» **What to produce**
Return the material below exactly, but only from the line with "Creating an equipment" through the line with "人民电器RDB5LE-63一体式剩余电流动作断路器家用漏电保护开关", and without its pictures.

» **Supplied material**
-- Opening Marker --
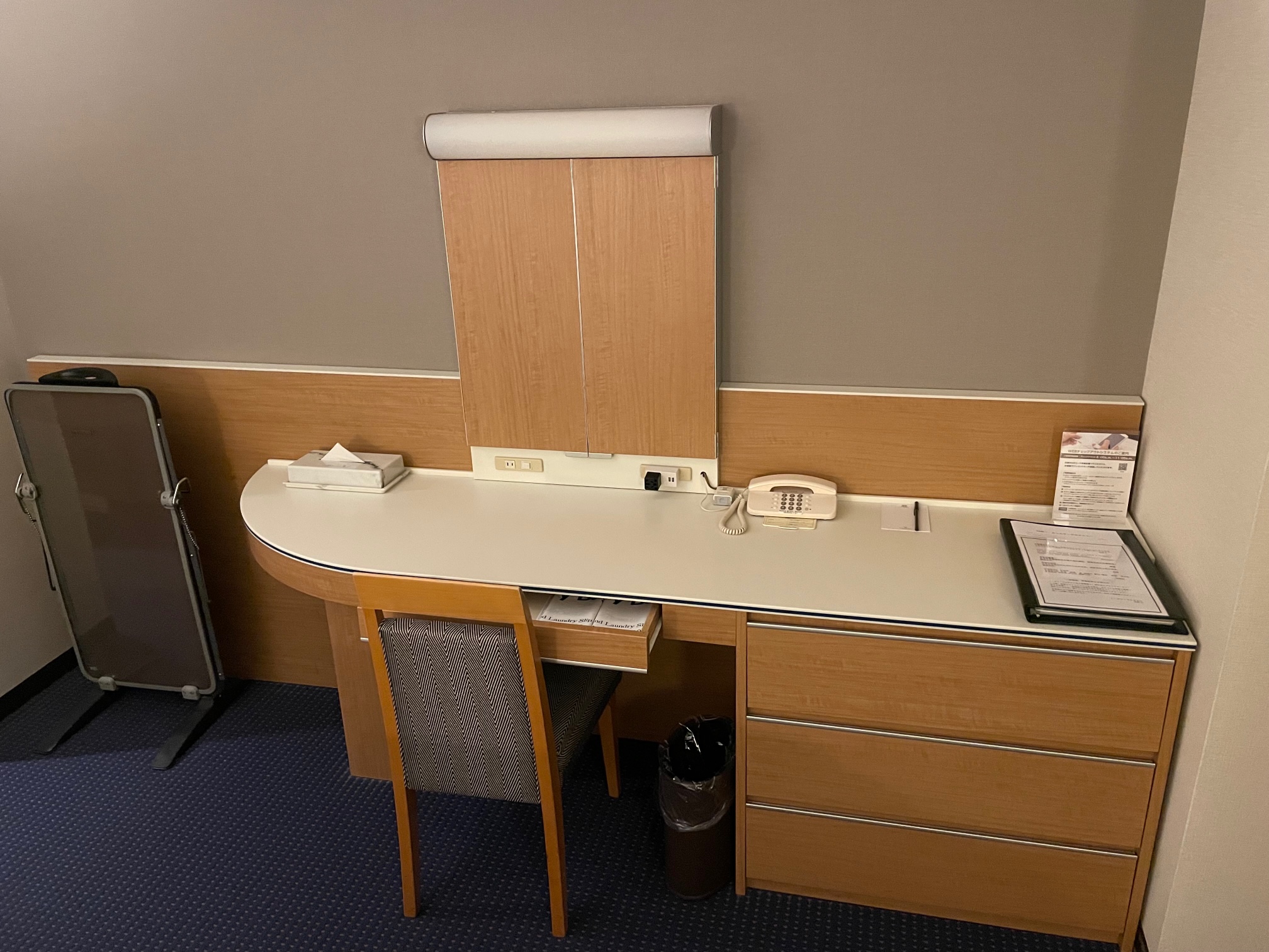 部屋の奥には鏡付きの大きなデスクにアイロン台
-- Closing Marker --
-- Opening Marker --
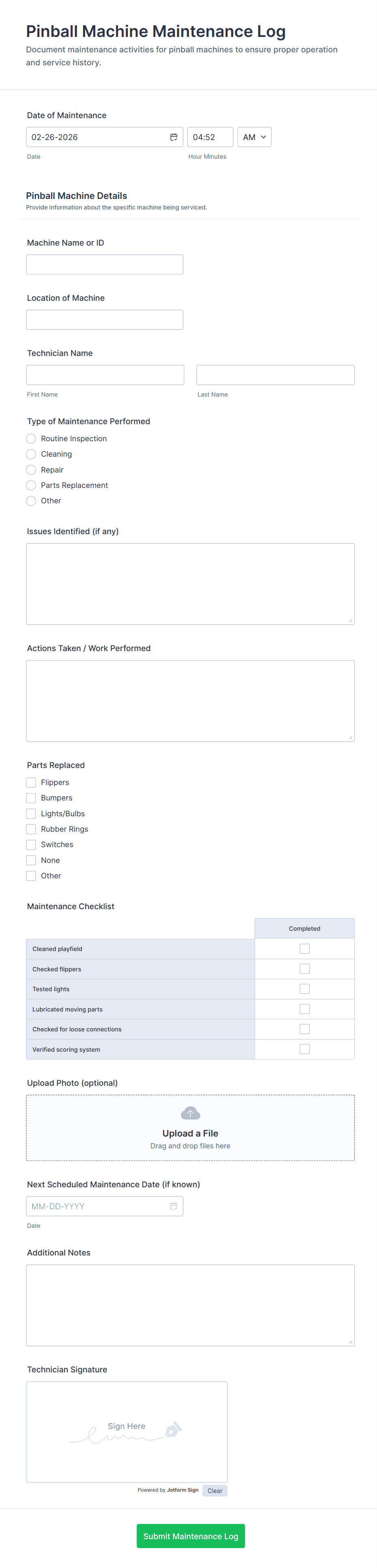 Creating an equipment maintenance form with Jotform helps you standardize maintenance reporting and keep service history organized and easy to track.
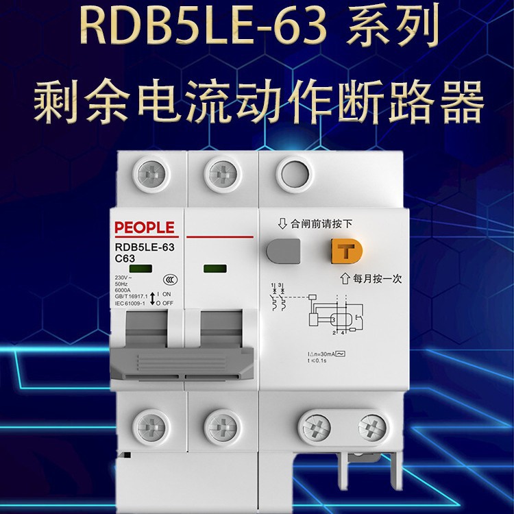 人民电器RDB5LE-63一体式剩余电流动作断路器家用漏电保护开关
-- Closing Marker --
» **Output of the task**
 Creating an equipment maintenance form with Jotform helps you standardize maintenance reporting and keep service history organized and easy to track.
 人民电器RDB5LE-63一体式剩余电流动作断路器家用漏电保护开关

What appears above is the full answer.